- _YOUR TASK_
Exclude the pictures, then restate every entry below exactly.
Start of LISTED ENTRIES
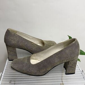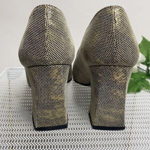 Stuart Weitzman 90s Champagne Gold Faux Snakeskin Pumps w/ Chunky Heels, Size 7
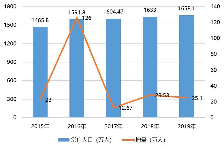 不可否认,作为国家战略之一,成渝地区双城经济圈实际上已被提升至京津冀、长三角、粤港澳大湾区之后的“中国经济第四极”的地位。同时,在“一带一路”节点城市,西部陆海新通道中,成都和重庆都位列最重要的城市。这些无疑都提升了成渝在国内以及国际上的地位。在“中国经济第四极”的标签背后,人口的增长聚集效应贡献了巨大的推动力。据成都市统计局发布,2019年末成都市常住人口为1658.1万人,比2018年增加了25.1万人。重庆市此前也发布,2019年重庆全市常住人口3124.32万人,比上年增加22.53万人。(数据来源:中商产业研究院)根据第一财经近五年数据梳理,成都和重庆两个西部特大中心城市,两地合计几乎每年都增加近50万人,其人口新增规模在全国城市中领先。尤其在成渝地区双城经济圈的带动下,成渝将可能成为中国人口流向新的目的地。随着人口进一步向城市群都市圈和中心城市聚集,消费能级和购房需求也将随之进行提升。
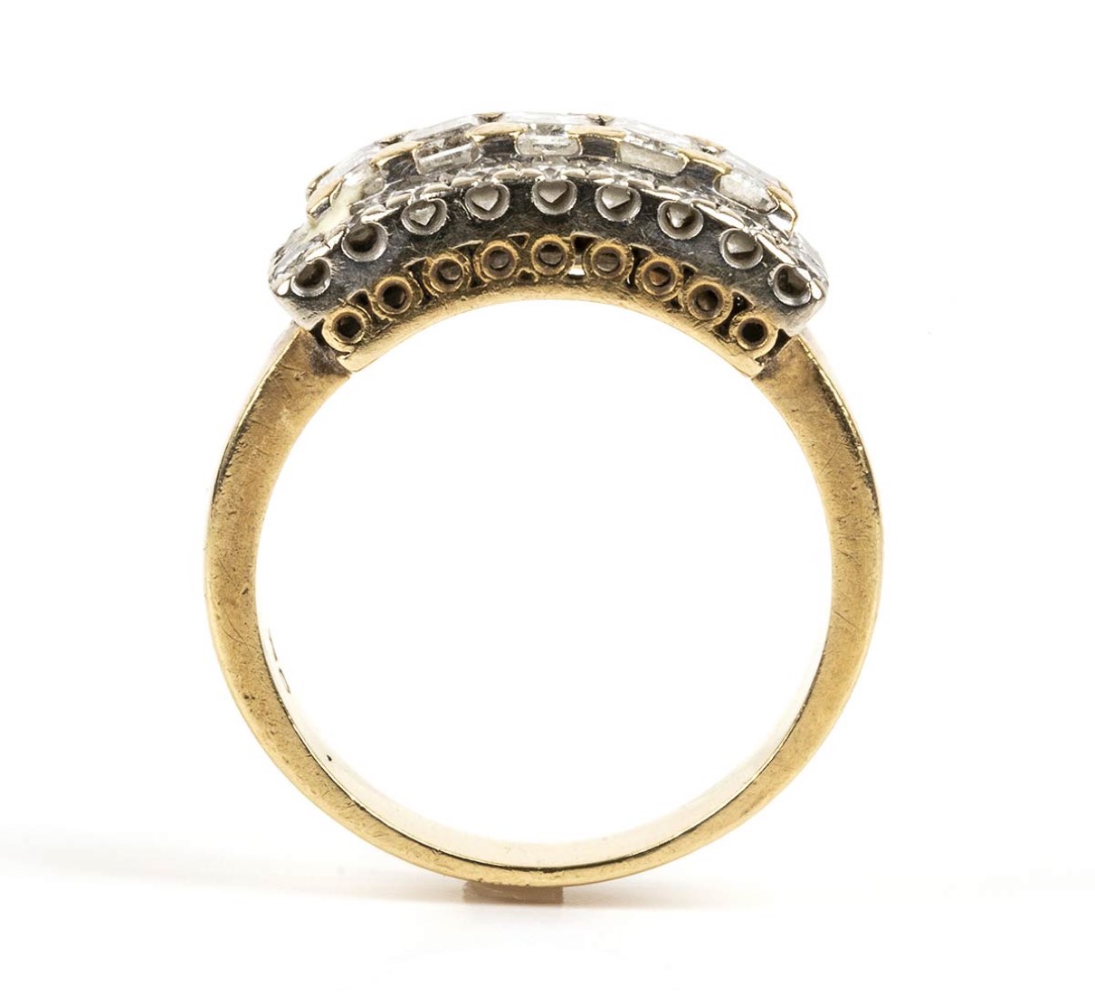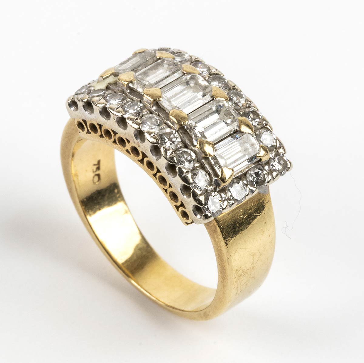in due colori d'oro 18k, modellato come una fascia, incastonato con diamanti taglio brillante, 2,20 ct circa, G, VVS-VS. Dimensioni fronte 23 x 10 mm. Peso 10 gr. Misura ITA 15 - Misura US 7. Stato conservazione : **** buono.
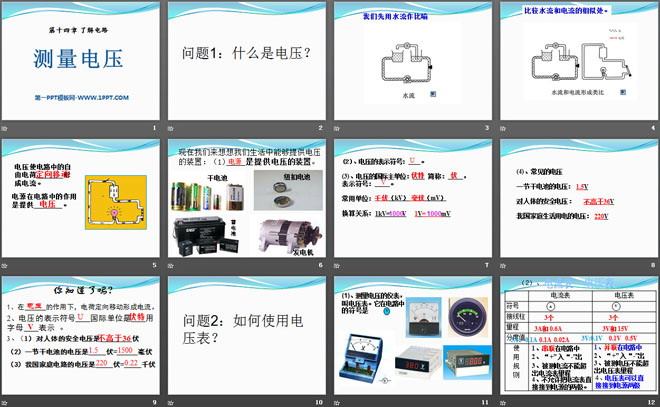 关键词:了解电路教学课件,测量电压教学课件,沪科版九年级全册物理PPT课件下载,九年级物理幻灯片课件下载,了解电路PPT课件下载,测量电压PPT课件下载,.PPT格式;
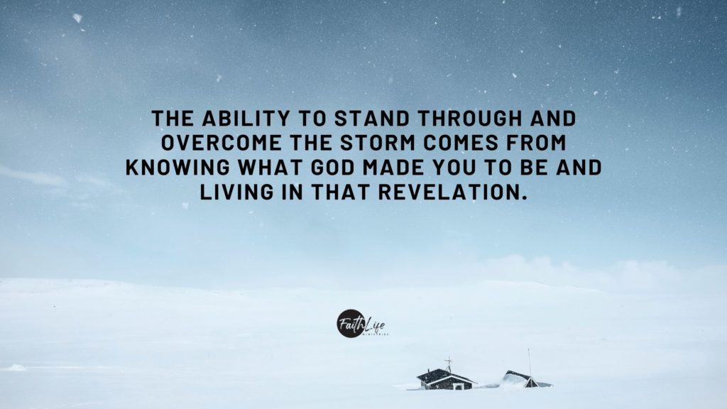 The ability to stand through and overcome the storm comes from KNOWING WHAT GOD MADE YOU TO BE and LIVING IN THAT REVELATION. I am not talking about personality traits as being shy, strong-willed, or expressive. I am talking about living in the identity of who you are in Christ.
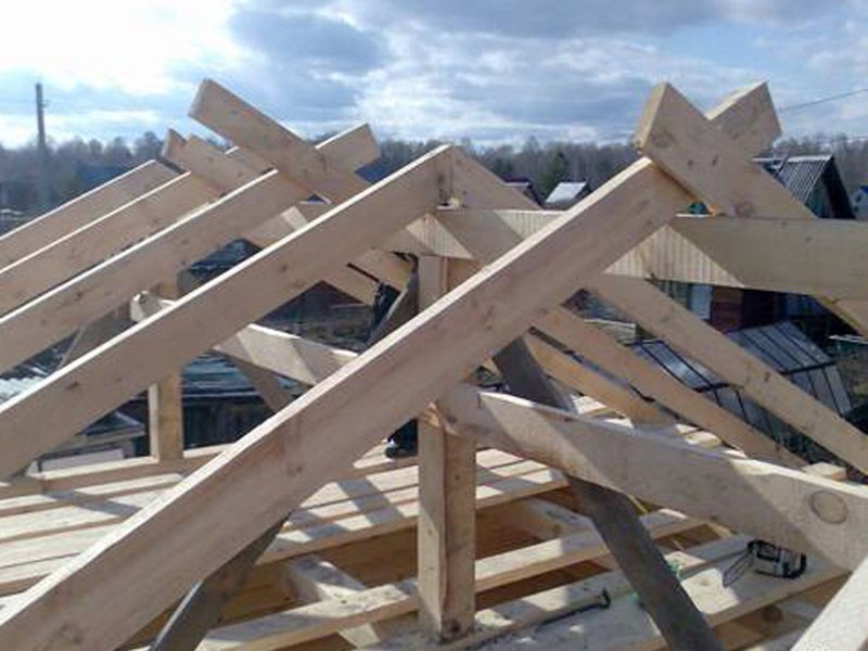 Места стыковки элементов обязательно подпираются стойкой, которая повышает надежность сооружения. Опора располагается на расстоянии ¼ длины больших стропил от конька. На месте фронтонов двускатной крыши устанавливаются укороченные стропила.
End of LISTED ENTRIES
- _OUTPUT BELOW_
 Stuart Weitzman 90s Champagne Gold Faux Snakeskin Pumps w/ Chunky Heels, Size 7
 不可否认,作为国家战略之一,成渝地区双城经济圈实际上已被提升至京津冀、长三角、粤港澳大湾区之后的“中国经济第四极”的地位。同时,在“一带一路”节点城市,西部陆海新通道中,成都和重庆都位列最重要的城市。这些无疑都提升了成渝在国内以及国际上的地位。在“中国经济第四极”的标签背后,人口的增长聚集效应贡献了巨大的推动力。据成都市统计局发布,2019年末成都市常住人口为1658.1万人,比2018年增加了25.1万人。重庆市此前也发布,2019年重庆全市常住人口3124.32万人,比上年增加22.53万人。(数据来源:中商产业研究院)根据第一财经近五年数据梳理,成都和重庆两个西部特大中心城市,两地合计几乎每年都增加近50万人,其人口新增规模在全国城市中领先。尤其在成渝地区双城经济圈的带动下,成渝将可能成为中国人口流向新的目的地。随着人口进一步向城市群都市圈和中心城市聚集,消费能级和购房需求也将随之进行提升。
in due colori d'oro 18k, modellato come una fascia, incastonato con diamanti taglio brillante, 2,20 ct circa, G, VVS-VS. Dimensioni fronte 23 x 10 mm. Peso 10 gr. Misura ITA 15 - Misura US 7. Stato conservazione : **** buono.
 关键词:了解电路教学课件,测量电压教学课件,沪科版九年级全册物理PPT课件下载,九年级物理幻灯片课件下载,了解电路PPT课件下载,测量电压PPT课件下载,.PPT格式;
 The ability to stand through and overcome the storm comes from KNOWING WHAT GOD MADE YOU TO BE and LIVING IN THAT REVELATION. I am not talking about personality traits as being shy, strong-willed, or expressive. I am talking about living in the identity of who you are in Christ.
 Места стыковки элементов обязательно подпираются стойкой, которая повышает надежность сооружения. Опора располагается на расстоянии ¼ длины больших стропил от конька. На месте фронтонов двускатной крыши устанавливаются укороченные стропила.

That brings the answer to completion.